Sebut Vonis PN Jakpus Salah, Mahfud MD Minta KPU Lawan Habis-habisan!
- Tangkapan layar Youtube Kemenko Polhukam
VIVA Nasional – Menteri Koordinator Bidang Politik Hukum dan Keamanan Mahfud MD, angkat bicara mengenai adanya putusan Pengadilan Negeri Jakarta Pusat yang memerintahkan Komisi Pemilihan Umum (KPU) untuk menunda pelaksanaan Pemilu 2024. Mahfud mengatakan bahwa PN Jakarta Pusat telah membuat sensasi yang berlebihan.
"PN Jakarta Pusat membuat sensasi yang berlebihan. Masak, KPU divonis kalah atas gugatan sebuah partai dalam perkara perdata oleh Pengadilan Negeri (PN). Bahwa vonis itu salah, logikanya sederhana, mudah dipatahkan tapi vonis ini bisa memancing kontroversi yang bisa mengganggu konsentrasi," kata Mahfud, melalui pesan singkatnya kepada Viva, Kamis malam, 2 Maret 2023.
Mahfud mengatakan, bisa saja dari putusan PN Jakpus ini ada yang mempolitisasi. Oleh karena itu, Mahfud meminta KPU banding dan melawan habis-habisan secara hukum.
"Bisa saja nanti ada yang mempolitisir seakan-akan putusan itu benar. Saya minta KPU naik banding dan melawan habis-habisan secara hukum. Kalau secara logika hukum pastilah KPU menang. Mengapa? Karena PN tidak punya wewenang untuk membuat vonis tersebut," kata Mahfud
Mahfud mengungkapkan sejumlah alasan yang dapat mematahkan vonis PN Jakarta Pusat tersebut. Pertama, sengketa terkait proses, administrasi, dan hasil pemilu itu diatur tersendiri dalam hukum.
"Kompetensi atas sengketa pemilu bukan di Pengadilan Negeri. Sengketa sebelum pencoblosan jika terkait proses admintrasi yang memutus harus Bawaslu. Tapi jika soal keputusan kepesertaan paling jauh hanya bisa digugat ke PTUN. Nah Partai Prima sudah kalah sengketa di Bawaslu dan sudah kalah di PTUN. Itulah penyelesaian sengketa administrasi jika terjadi sebelum pemungutan suara," kata Mahfud
Adapun jika terjadi sengketa setelah pemungutan suara atau sengketa hasil pemilu, maka menjadi kompetensi Mahkamah Konstitusi (MK) untuk menanganinya.

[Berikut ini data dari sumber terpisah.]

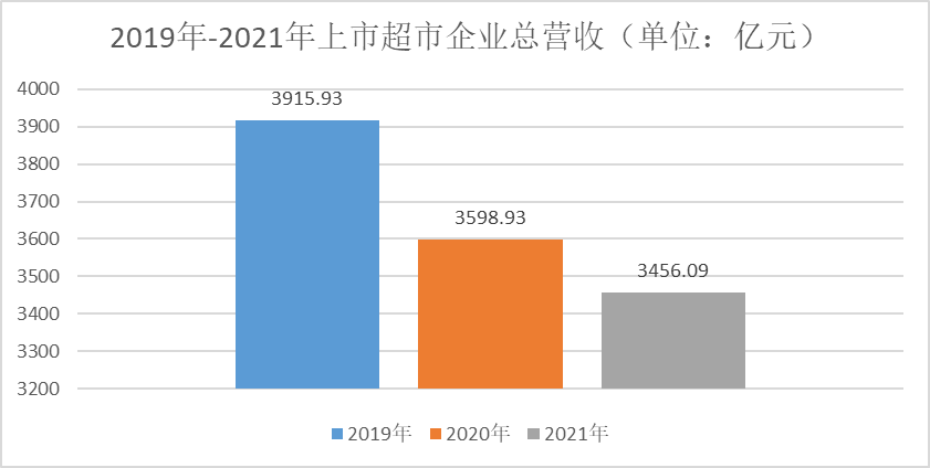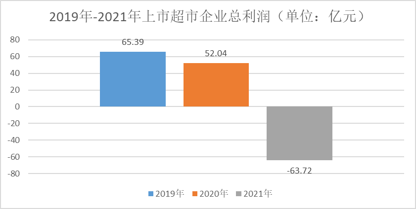 近三年,超市行业陷入严重下滑危机,23家上市超市企业2019年、2020年、2021年总营收分别为3915.93亿元、3598.93亿元、3456.09亿元;总利润由2019年的盈利65.39亿元转至2021年的亏损63.72亿元,净利率不断刷低。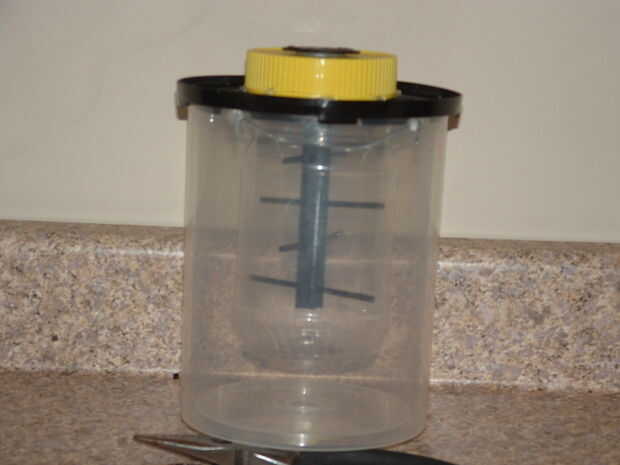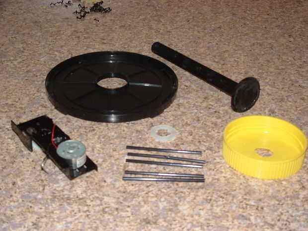 Perforar algunos agujeros en el husillo y cortar los popotes cocteles donde encajaría en el tarro de mantequilla de maní, entonces se inserta (sin pegamento) en el husillo. Nada dentro del frasco debe contener pegamento y lo más importante no debe contener soldadura! Un montón de soldadura contiene plomo, que es malo, como podría decir cualquier pirata que se precie. A continuación, corte un agujero en la tapa de tarro de mantequilla de maní lo suficientemente grande para el eje que gire libremente, pero pequeño suficiente para ayudar a mantenerlo en línea. Tomé los husos, añade una arandela de separador plástico al huso, luego la mantequilla de cacahuete tarro tapa, y luego el DVD base y poner las pajitas cocteles en. Pegué la tapa de tarro de mantequilla de maní a la base para mantener en su lugar, y luego una vez más hizo que todo cabe. Oh, también corté el husillo a profundidad de tarro de mantequilla de maní.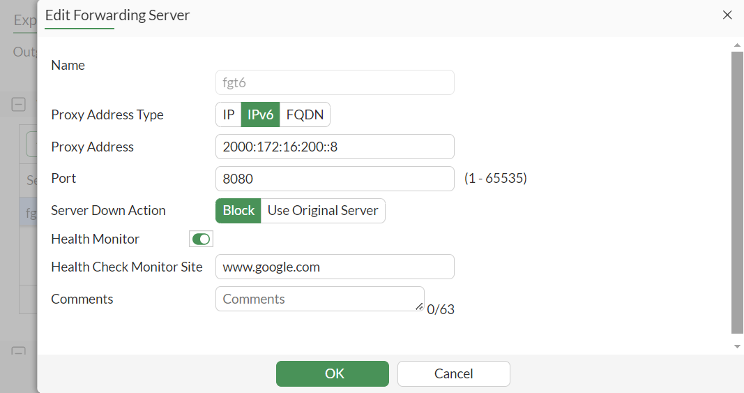 The IPv6-enabled forward server works the same way as the IPv4 forward server. For example, you can configure an IPv6 address or an FQDN that resolves to an IPv6 address for the forward server, and you can also use the IPv6 forward server in a forward server group.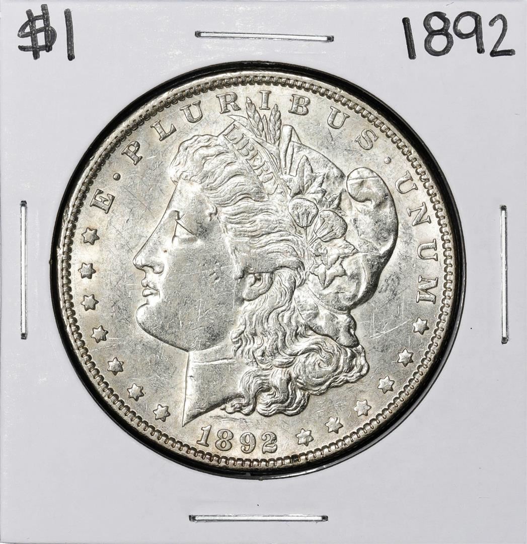 One 1892 $1 Morgan Silver Dollar Coin.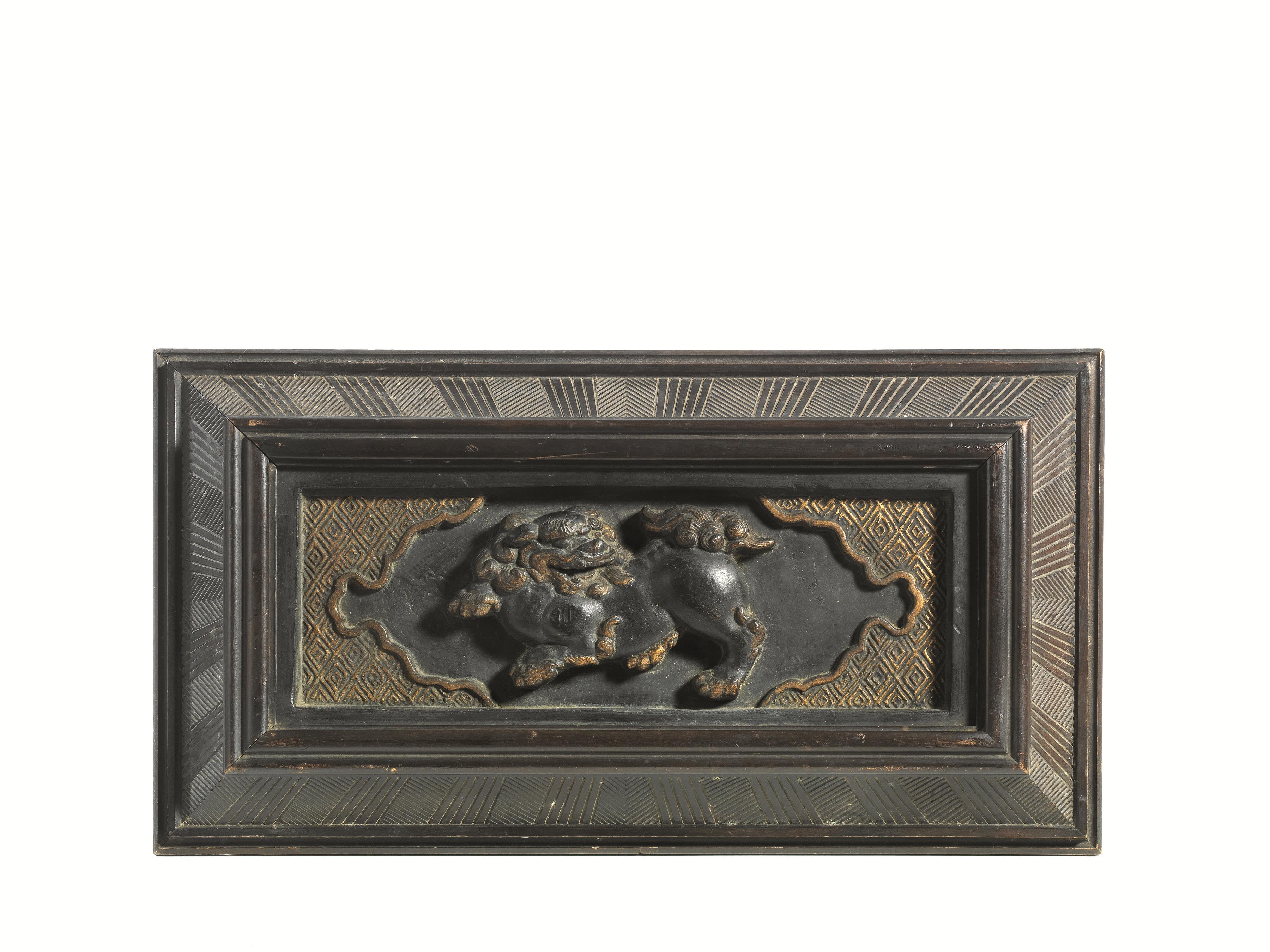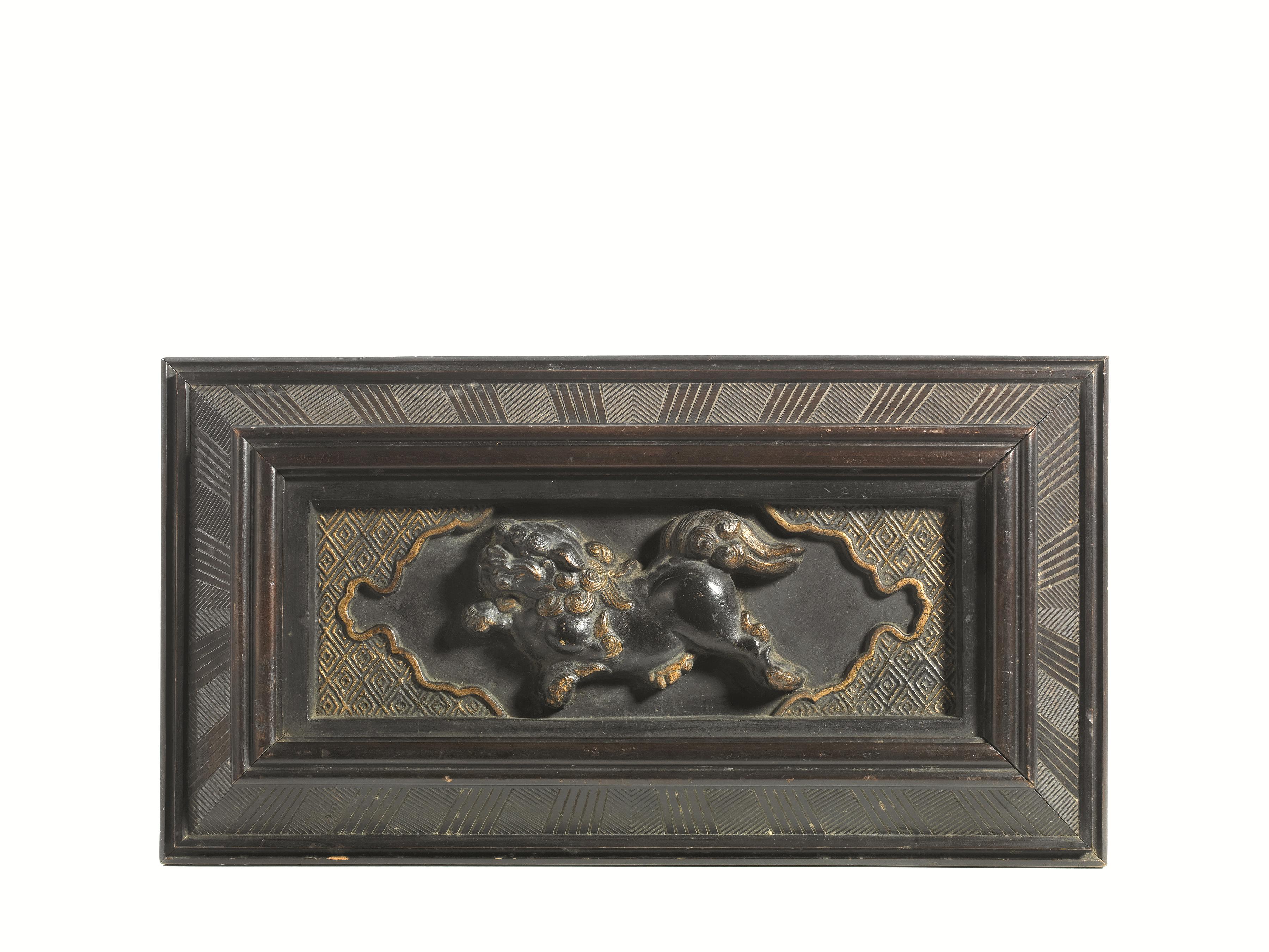 uno grande e due piccoli in bronzo entro cornice in legno, decorati con Qilin, cm 69x54 e cm 13x38,5 (3)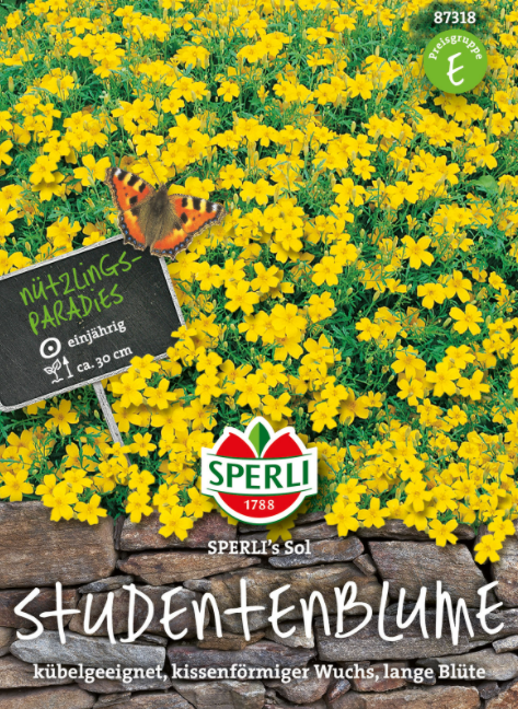 Kääpiösamettikukka Sperli’s Sol. Korkeus 25 cm. Yksinkertaiset kukat. Kylvetään maalis-toukokuussa, siemen itää 7-14 vuorokaudessa 18 asteessa. Taimiväli 25×25 cm. Kukinta heinä-lokakuussa. Viihtyy aurinkoisella kasvupaikalla. Annoksesta tulee noin 30 tainta.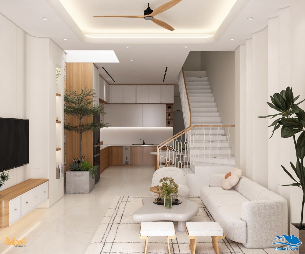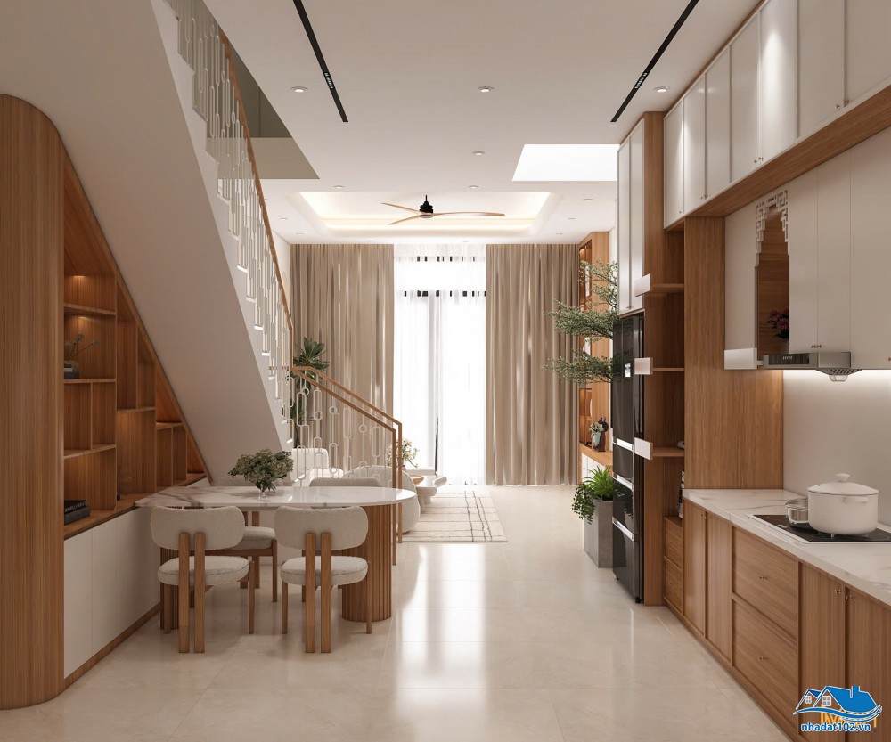 - Tầng trệt: phòng khách, không gian bếp, toilet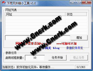 支持多地址,修改了多线程方式,解决了老出错的问题! 原理很简单,就是批量查询,很多网站查询都有最新查询几率的,一直挂着,对外链有一定的效果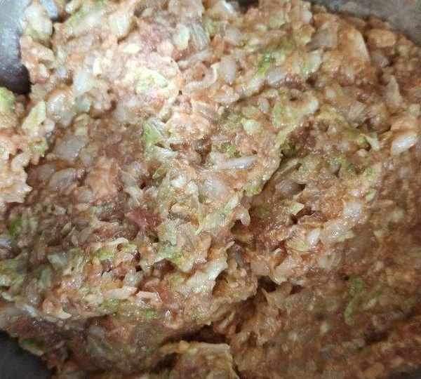 第7步、拌好的肉餡呈抱團狀。
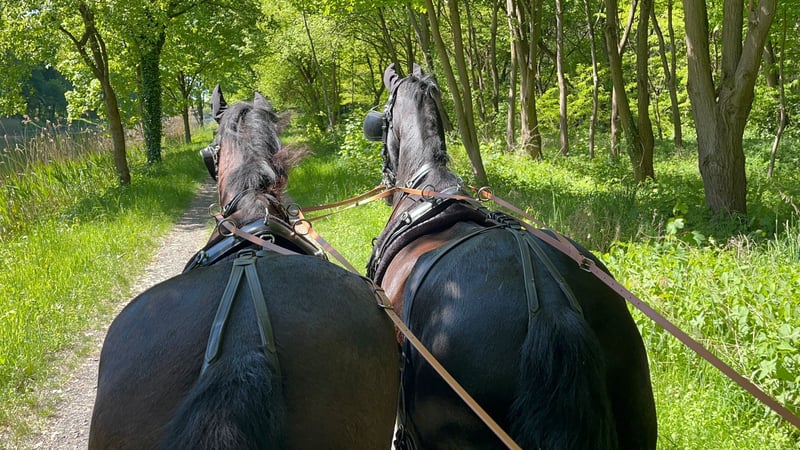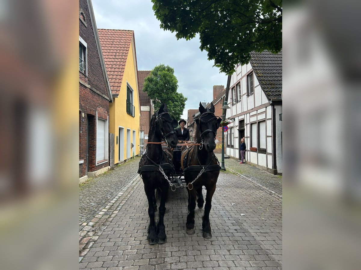 Brave Friesian gelding for sale. Driven single and double. Also ridden recreationally in the countryside. Very easy to handle when driving, suitable for beginners and children. He has already been driven at weddings and pilgrimages. Preferably to be sold with his partner in a double harness. A Friesian mare, also from 2005 and approximately 1.60m. Price for the pair is €8000 negotiable. For more information, please call, videos available upon request.

"Itu pakemnya. Tak ada kompetensinya Pengadilan Umum. Perbuatan Melawan Hukum secara perdata tak bisa dijadikan obyek terhadap KPU dalam pelaksanaan pemilu," ujarnya
Alasan kedua, hukuman penundaan pemilu atau semua prosesnya tidak bisa dijatuhkan dalam oleh Pengadilan Negeri sebagai kasus perdata. Tidak ada hukuman penundaan pemilu yang bisa ditetapkan oleh Pengadilan Negeri.
Menurut UU penundaan pemungutan suara dalam pemilu hanya bisa diberlakukan oleh KPU untuk daerah-daerah tertentu yang bermasalah sebagai alasan spesifik, bukan untuk seluruh Indonesia.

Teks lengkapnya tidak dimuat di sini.